* What the exercise asks *
From the line containing "A stunning black, special" through the last line of the listing, output each line exactly as it stands. Omit pictures.

* Information supplied *
++++++++++++++++++++
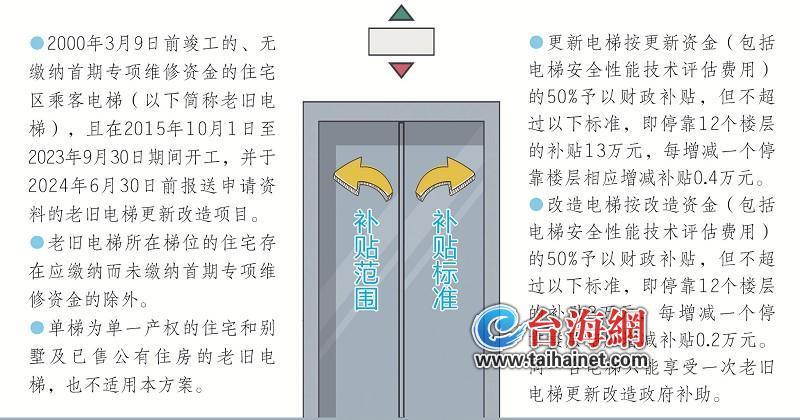 臺(tái)海網(wǎng)9月11日訊 (海峽導(dǎo)報(bào)記者 林少蓉)2020年廈門老舊電梯更新改造方案近日出爐,老舊電梯更新改造可獲50%補(bǔ)貼。 據(jù)了解,為推動(dòng)老舊電梯更新改造工作,廈門市市場(chǎng)監(jiān)督管理局、廈門市建設(shè)局、廈門市
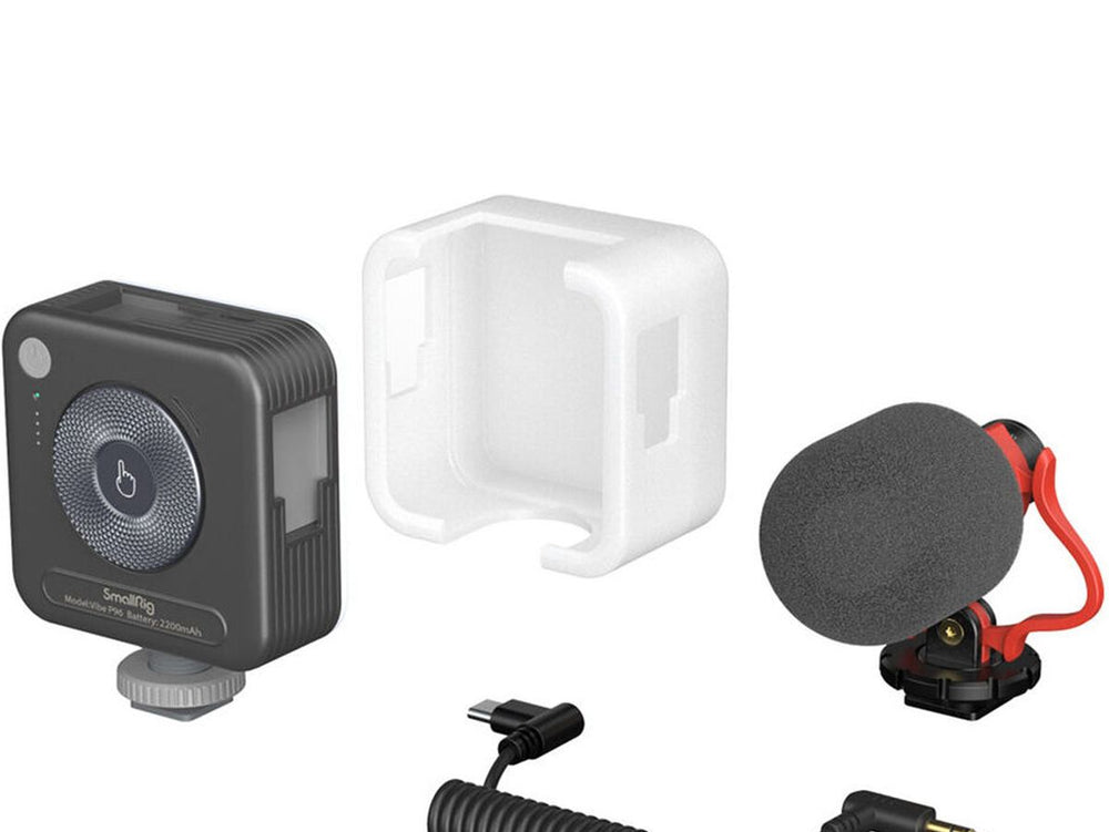 - Equipped with a shotgun microphone with a 3.5 mm to Type-C cable, offers an unstoppable vlogging experience (also includes a Type-C to Lightning adapter)
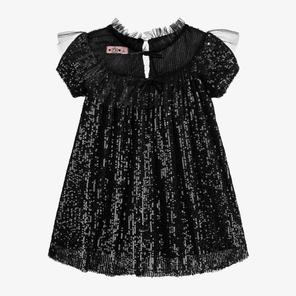 A stunning black, special occasion dress for girls by Phi Clothing, made from stretchy, sequinned tulle for fabulous sparkle. Trimmed with ruffles, this elegant short-sleeved design has a sheer neck panel detailed with velvet bows for a classic finish. It is lined in soft cotton for comfort and fastens with a stylish mother of pearl key-hole button on the back.
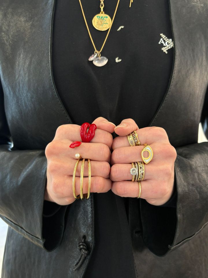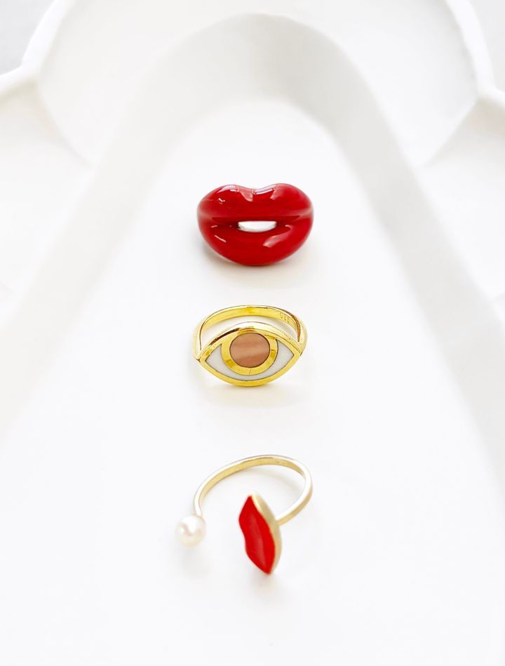 上から:ホットリップスバイソランジュのリング、マルタピアのリング、デルフィナ デレトレズのリング。 Hearst Owned
++++++++++++++++++++
* Exercise output *
 A stunning black, special occasion dress for girls by Phi Clothing, made from stretchy, sequinned tulle for fabulous sparkle. Trimmed with ruffles, this elegant short-sleeved design has a sheer neck panel detailed with velvet bows for a classic finish. It is lined in soft cotton for comfort and fastens with a stylish mother of pearl key-hole button on the back.
 上から:ホットリップスバイソランジュのリング、マルタピアのリング、デルフィナ デレトレズのリング。 Hearst Owned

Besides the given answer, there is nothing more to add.